Rubicon Project's Barrett: Tackle Transparency Or Ad Tech Could Face Regulation

The ad-tech ecosystem and programmatic media are at a crossroads -- and the demand for transparency is table stakes. That was the message advanced by Michael Barrett, Rubicon Project's president and CEO,  keynoting the Interactive Advertising Bureau’s (IAB) Programmatic Symposium.

His presentation, “Doing It With The Lights On: The Future Of A Well-lit Marketplace,” was a response to the wake-up call the industry is receiving from marketers  fed up with ad tech and its  lack of transparency around in inventory pricing and fees, quality of inventory, viewability, media measurement, and brand safety

“If I spend ‘x’ dollars on advertising programmatically, what is the real cost of the media? Was my ad viewed? Was it viewed by a human? I really think that in order to continue growth in this industry, we have to take a step back and make sure those questions are being answered,” Barrett said.

Barrett reiterated the IAB’s definition of programmatic, which it’s now calling “automated," to describe it as “the application of data and software to automated digital advertising transactions."

Describing the landscape industry stakeholders find themselves in, Barrett said “marketers have hit the pause button, and will continue to hit it until things are addressed.” He described the industry as in an “existential crisis” and warned attendees more than once that if it doesn’t show speed and leadership, “others will make these changes for us by setting standards and practices, and dictating value.”

He urged members of the industry to work together since no  single company can do everything itself.

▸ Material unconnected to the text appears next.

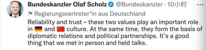 中新網北京11月6日電(甘甜)“可靠和信任——這兩種價值觀在中國和德國的文化中扮演着重要的角色。同時,它們也是外交關係和政治夥伴關係的基礎。很高興我們面對面進行了會談。” 結束對中國的正式訪問後,德國總理朔爾茨在社交媒體上這樣寫道。
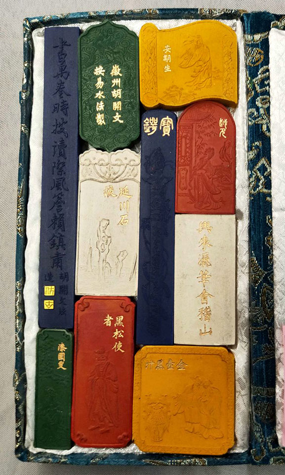 在中国的制墨史上,宋代有潘谷、张遇、叶茂实等名家。如潘谷手制的“松丸”、“狻猊”等墨,“遇湿不败”,“香彻肌骨,磨研至尽而香不衰”,被誉为“墨中神品”。而明代是徽墨的鼎盛时期,最著名的制墨名家有罗小华、程君房、方于鲁。罗小华的桐油墨、程君房的漆涸墨、方于鲁的名贵药构墨都是难得一见的珍品。程君房自诩“吾墨百年之后金不换”。此明代三大家的墨式样多样,装饰华丽,图案精美,争奇斗艳,“五岳真形阁”、“东岳泰山赞”、“九鼎图”、“百雀图”均是珍品。清代有曹素功、汪近圣、胡开文、汪节庵的”四大制墨名家”,其中曹素功的“紫玉光”、“苍龙珠”,胡开文的“御园图墨”、“御制棉花”,汪近圣的“耕织图”、“罗汉赞”等古墨,图案精美、人物刻画细腻,装潢考究,空前绝后。1915年,民国休宁胡开文出品的“地球仪墨”获巴拿马世界博览会金奖。

Barrett said companies in the space lead with features and don’t talk about what they actually do: “You shouldn’t have to be a rocket scientist to understand what companies do in this space. … We need to demystify what we do, and show where the inefficiencies are in the supply chain, where the problems are occurring.”

He called on the industry to adopt the IAB’s definitions set out in the association's new framework.

Barrett went further to challenge the industry to respond to his recommendations. For example, companies in the space need to explain what business they’re in. “What’s the idea of being a first- or second-price auction really mean? What is a data-driven model? What exactly do you do?”

Regarding the so-called “ad tech tax,”  companies need to explain how much money actually goes to buying an ad.

While that may not be an easy answer, “the simple fact is there’s no advertiser that won’t demand the answer to that question and demand an audit to know what’s happening with their spend,” Barrett noted. Simply put, “what is the cost of the transaction?” he said.

Barrett said stakeholders need to be “radically transparent about pricing.”

He also held his own company to the fire, saying “Rubicon isn’t [transparent]. While the seller and buyer are charged a fee, what is that fee structure? Make it plain and simple.” Once this is confronted, the ad-tech tax issue can be addressed, he said.

“We must work together against bad actors,” Barrett said, citing the IAB and Trustworthy Accountability Group (TAG), as examples of organizations that are doing so. He urged companies to share data about who the bad actors are. “Marketers can help, too, by working with agencies and vendors on the buy side to help solve the problem.”

Barrett said that open source technology is an attractive idea and cited prebid.js. “The time is right for the industry to explore it.”

He called for speed and collaboration in making changes and said that after these issues are resolved sufficiently, an industry effort around attribution is also needed. “Moving from a cookie-based world to a people-based world will require more open-source work.”

The IAB recently made TAG registration mandatory for its members, which Barrett called  "a great first step. I see a world where you cannot work with anyone that’s not part of TAG.”